§ **Exercise materials**
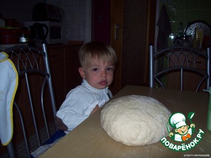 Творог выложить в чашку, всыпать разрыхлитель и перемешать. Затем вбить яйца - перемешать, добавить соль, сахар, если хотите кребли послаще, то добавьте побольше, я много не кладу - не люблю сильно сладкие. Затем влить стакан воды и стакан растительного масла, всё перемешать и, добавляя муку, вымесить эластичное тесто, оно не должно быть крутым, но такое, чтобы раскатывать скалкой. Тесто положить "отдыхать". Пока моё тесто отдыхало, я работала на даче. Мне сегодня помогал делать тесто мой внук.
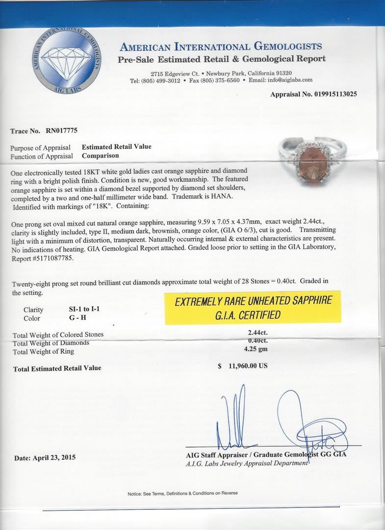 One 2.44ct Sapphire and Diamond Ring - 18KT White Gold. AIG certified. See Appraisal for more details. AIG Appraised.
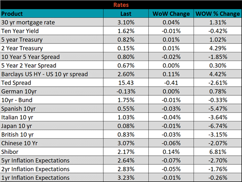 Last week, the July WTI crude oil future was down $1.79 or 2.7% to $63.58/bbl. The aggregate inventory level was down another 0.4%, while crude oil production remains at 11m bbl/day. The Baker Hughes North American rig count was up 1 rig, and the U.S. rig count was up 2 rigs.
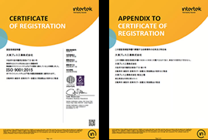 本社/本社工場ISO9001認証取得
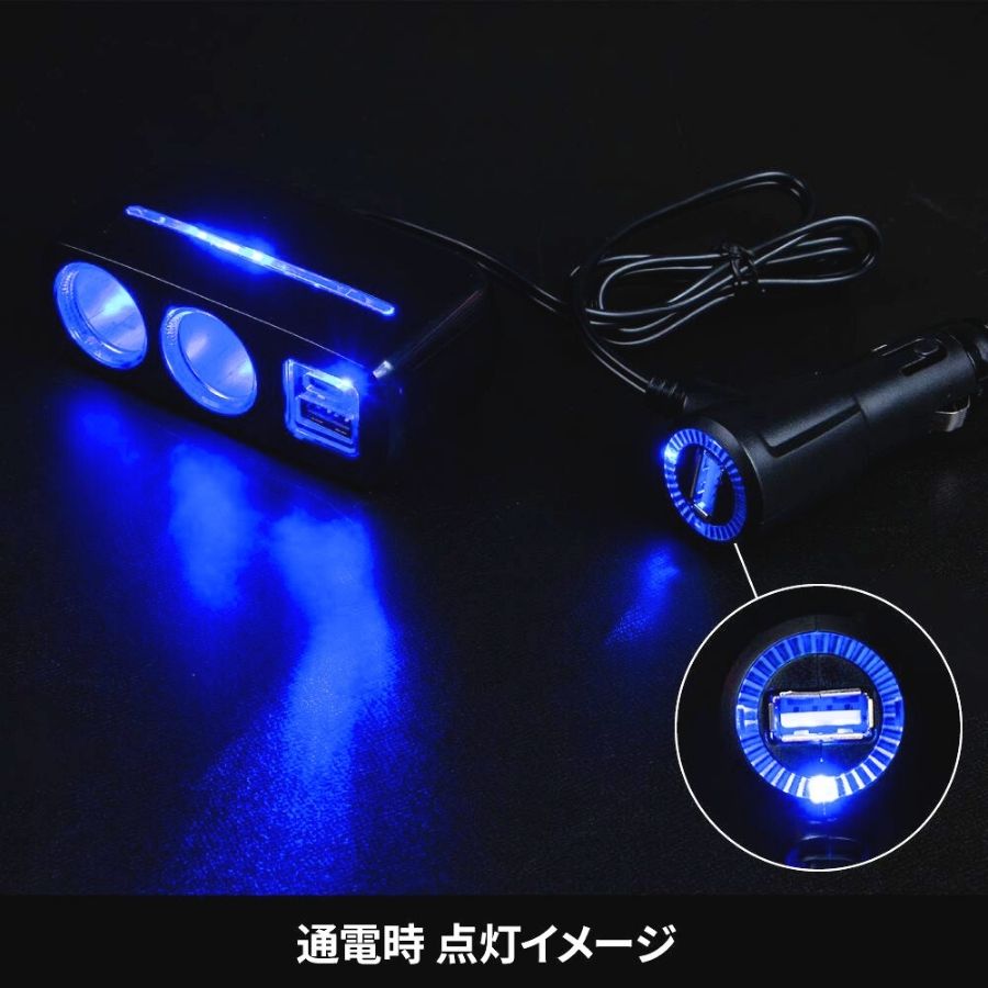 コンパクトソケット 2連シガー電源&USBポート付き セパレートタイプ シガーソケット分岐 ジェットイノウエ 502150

§ **Assignment**
Leave out the pictures and output everything else in the records exactly.

§ **Your response**
 Творог выложить в чашку, всыпать разрыхлитель и перемешать. Затем вбить яйца - перемешать, добавить соль, сахар, если хотите кребли послаще, то добавьте побольше, я много не кладу - не люблю сильно сладкие. Затем влить стакан воды и стакан растительного масла, всё перемешать и, добавляя муку, вымесить эластичное тесто, оно не должно быть крутым, но такое, чтобы раскатывать скалкой. Тесто положить "отдыхать". Пока моё тесто отдыхало, я работала на даче. Мне сегодня помогал делать тесто мой внук.
 One 2.44ct Sapphire and Diamond Ring - 18KT White Gold. AIG certified. See Appraisal for more details. AIG Appraised.
 Last week, the July WTI crude oil future was down $1.79 or 2.7% to $63.58/bbl. The aggregate inventory level was down another 0.4%, while crude oil production remains at 11m bbl/day. The Baker Hughes North American rig count was up 1 rig, and the U.S. rig count was up 2 rigs.
 本社/本社工場ISO9001認証取得
 コンパクトソケット 2連シガー電源&USBポート付き セパレートタイプ シガーソケット分岐 ジェットイノウエ 502150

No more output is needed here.